Teams should treat AI assistant state files as release blockers until packaging rules explicitly exclude them. Add the relevant paths to ignore lists, verify build backend selection rules, and inspect the final artifact before upload. The goal is to ensure that local approval history, command strings, and embedded credentials never leave the development environment.
Why This Matters for Security Teams
AI assistant files are not harmless workspace clutter. They often capture local approval history, tool invocation strings, cached prompts, and sometimes embedded credentials that can be replayed outside the developer laptop. When those files slip into a package, the release process turns an internal assistant into a distribution channel for secrets. That is why packaging checks should treat them as release blockers, not cleanup tasks. Guidance from the NIST Cybersecurity Framework 2.0 reinforces the need to build protective controls into the software lifecycle rather than relying on post-release detection.
The risk is easy to underestimate because these files often look like local state, yet they can expose enough context to reconstruct access patterns or sensitive operations. NHIMG research on The State of Secrets in AppSec shows that leaked secrets remain expensive and slow to remediate, and the same pattern applies when assistant state is accidentally published. In practice, many security teams encounter the exposure only after a package has already been mirrored, scanned, or installed by downstream users, rather than through intentional release hygiene.
How It Works in Practice
Preventing publication starts with explicit packaging deny rules.

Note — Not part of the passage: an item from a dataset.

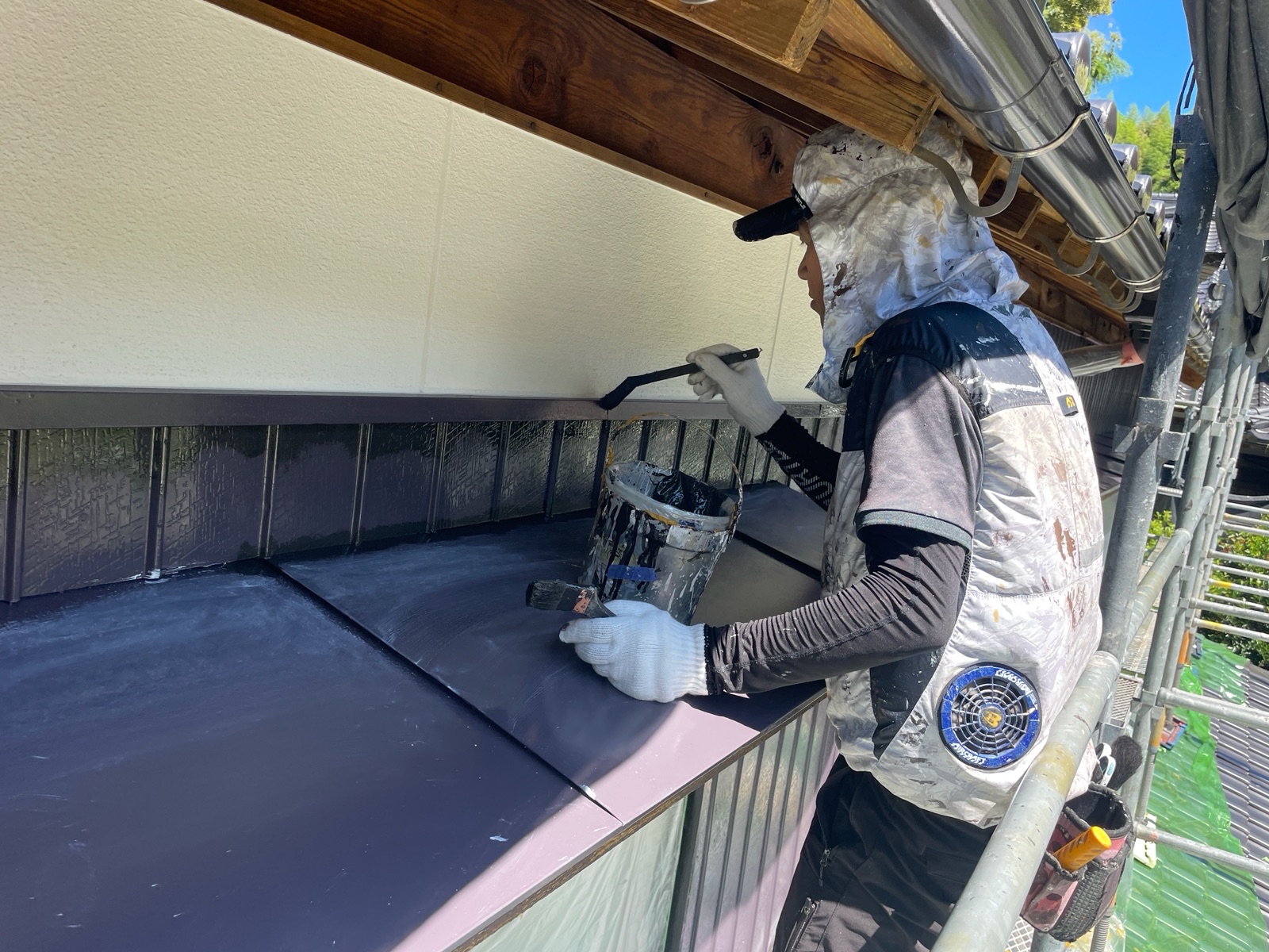 本日は瓦棒屋根、トタン壁、付帯の塗装をさせて頂いております。

Teams should identify every assistant-generated state path used by the development stack, then exclude those paths in the build configuration, source distribution rules, and wheel or archive manifest generation. That includes history files, cache directories, local memory stores, transcript logs, and any file that may carry secrets or command context. The goal is not just to hide known filenames, but to make the final artifact impossible to assemble with those paths included.
Operationally, this works best when the release pipeline checks three layers:
- Source control hygiene, so local assistant files never become tracked files.

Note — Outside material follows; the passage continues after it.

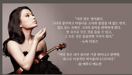 2012년 이후 7년 만에 한국에서 독주회를 가지는 바이올리니스트 사라장(장영주). 그녀는 한국이 낳은 천재 음악가의 대명사로, 만 8세의 어린 나이에 뉴욕필 협연으로 세계 무대에 데뷔한 이후 EMI와 계약하면서 세계 최연소 레코딩 기록을 보유한 천재 뮤지션이기도 하다. 2006년 뉴스위크 매거진에서 '리더십이 강한 20인의 여성'으로 선정된 바 있고, 사회적 성취와 활동을 인정받아 2008년에는 세계경제포럼(WEF) 선정의 영 글로벌 리더로 뽑혔다. 2005년 예일대학교에서 스프라그 홀에 사라장의 이름을 딴 객석을 마련했으며, 2012년에는 하버드 대학교로부터 '뛰어난 예술 리더십상'을 수상했다.

- Build backend rules, so packaging metadata cannot reintroduce excluded paths.
- Artifact inspection, so the final tarball, wheel, or container layer is verified before upload.

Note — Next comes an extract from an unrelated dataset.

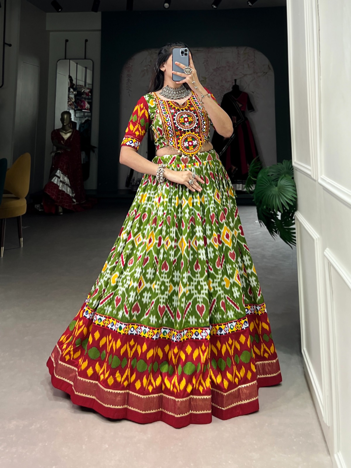 Lehenga Work Patola Print With Foil Work And Original Mirror Gamthi Lace With Gota Patti Touch Up

That last step matters because exclusion rules can fail when build tools derive file lists from project metadata rather than the filesystem alone. A file can be ignored in one stage and still be captured by a backend plugin, manifest generator, or vendor-specific build hook. NHIMG’s coverage of the LiteLLM PyPI package breach illustrates how package supply chain failures can expose credentials and operational context at distribution time. Teams should pair that lesson with the release discipline recommended in NIST CSF 2.0, especially around secure change control and verification.
Where possible, treat assistant files as short-lived operational data rather than durable project assets. If the assistant writes conversation logs or tool traces, store them outside the repository, rotate or purge them quickly, and prevent packaging jobs from following symlinks into those locations. These controls tend to break down when teams rely on ad hoc packaging scripts or mixed-language build systems because exclusion logic becomes inconsistent across tooling.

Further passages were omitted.